“Stalin Crushes His Final Rivals—and a Murder Trial Exposes Fascist-Police Collusion in NYC”
What's on the Front Page
The Daily Worker's December 8, 1927 edition captures a Communist Party in internal upheaval. At the Fifteenth All-Union Communist Congress in Moscow, party officials are demanding the complete dissolution of the Trotskyist Opposition. Alexei Rykoff, president of the Council of People's Commissars, accuses the Opposition of preparing "for new revolution, for new civil war," while Leon Kamenev speaks for the Opposition, insisting they will abandon "propaganda of opinions hostile to the Party" but will never surrender their ideological viewpoint. Stalin himself stresses the USSR's desire for peace while warning that "Great Britain's efforts to create a united front of capitalist powers" against the Soviet Union remain a grave threat. Back in New York, a major legal case unfolds: Mario Gilleti, accused of shooting fascists, is found guilty of second-degree assault after a jury deliberates all night, with the trial exposure revealing alleged collusion between the Fascist League of North America, police, and the Italian consul.
Why It Matters
December 1927 marks a pivotal moment in Soviet history—Stalin is consolidating absolute power by crushing his final internal rivals. The Trotsky-Kamenev Opposition represents the last serious challenge to Stalin's authority; within months, these men will be expelled from the Party entirely. For American communists reading The Daily Worker, this represents the unfolding drama of their international movement's future. Simultaneously, the Gilleti trial reflects the violent tensions between fascist and communist movements in American cities, particularly among Italian immigrant communities. The broader 1920s context shows political fragmentation everywhere: Republicans are deadlocked over the 1928 presidential succession now that Coolidge refuses to run, while labor unrest—exemplified by the imminent Chicago streetcar strike—signals economic anxieties beneath the Roaring Twenties' surface.
Hidden Gems
- The 'Don't Shop Early' section reveals that the Joint Defense Committee of Cloakmakers and Furriers is redirecting Christmas shopping to a December 23-New Year bazaar, with a single dress shop (W.S.G. Dress Shop at 100 W. 21st St.) producing 'beautiful dresses by the score'—showing how tightly organized labor controlled production even in this period.
- William S. Prenter, former president of the Brotherhood of Locomotive Engineers, died at age 72 after his removal followed 'the collapse of the Brotherhood labor bank'—a stunning detail showing how unions themselves became financial institutions that could catastrophically fail.

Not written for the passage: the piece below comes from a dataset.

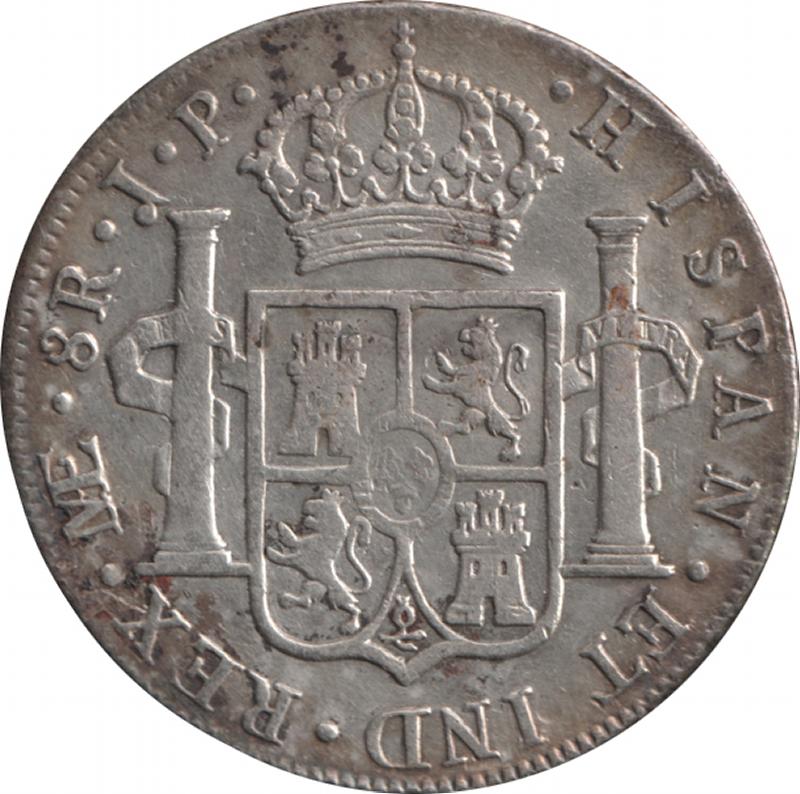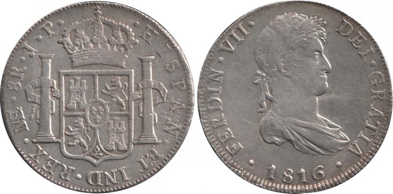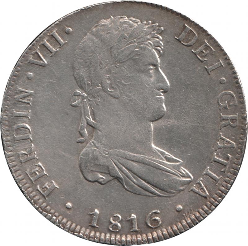 Spanish Colonial Eight Reales 1816 Ferdinand VII silver (27.25g) KM 117.1, mintmark 'LIMAE J.P.', VF. (Image1) (Image2)

- The paper refers matter-of-factly to 'Carlo Tresca, head of the Anti-Fascist League,' who will later be assassinated in 1943 under still-mysterious circumstances, making this a rare contemporary mention of a figure who would become a historical footnote.
- Clarence Darrow, 'noted labor and criminal trial lawyer,' is mentioned as counsel for Greco and Carrillo—by 1927 he was already a legendary courtroom figure, yet still actively defending communist and anti-fascist workers.
- A brief death notice reports William Murphy, 24, a window cleaner, 'instantly killed' falling from a sixth-story window at the Roosevelt apartments on Grand Concourse—a casual industrial casualty that reflects the period's complete lack of workplace safety regulation.
Fun Facts
- Stalin's report warns that Britain 'assumed the initiative in intensifying interventionist tendencies' against the USSR. Britain had indeed led Allied intervention in the Russian Civil War (1918-1920), and diplomatic tensions remained hot—Britain would actually sever relations with the USSR in May 1927, just seven months before this article.
- The paper mentions Herbert Hoover as a potential 1928 Republican nominee, calling him 'Well fed Secretary of Commerce, specialist in human misery.' Hoover would win the presidency that November, only to face the stock market crash of October 1929 just months into his term—a spectacular reversal of fortune.
- Kamenev, defending the Opposition, insists they won't 'abandon our viewpoint.' He would be expelled from the Party in December 1927 (the very month this article ran) and executed in Stalin's Great Purge in 1936—one of the first of the famous Moscow show trials.
- The reference to 'non-aggression treaty with Turkey' and 'guarantee pact with Germany' in Stalin's foreign policy report shows the USSR actively seeking diplomatic legitimacy. The German pact mentioned here is the Berlin Treaty; incredibly, Germany and the USSR would secretly negotiate rearmament deals throughout the late 1920s, laying groundwork for the 1939 Nazi-Soviet Pact.
- The paper reports twenty thousand Chicago car line workers 'ready to strike'—transportation strikes were among the most disruptive labor actions of the 1920s, and Chicago had been a flashpoint since the 1919 Steel Strike, making this headline a sign of labor militancy that would peak during the early Depression.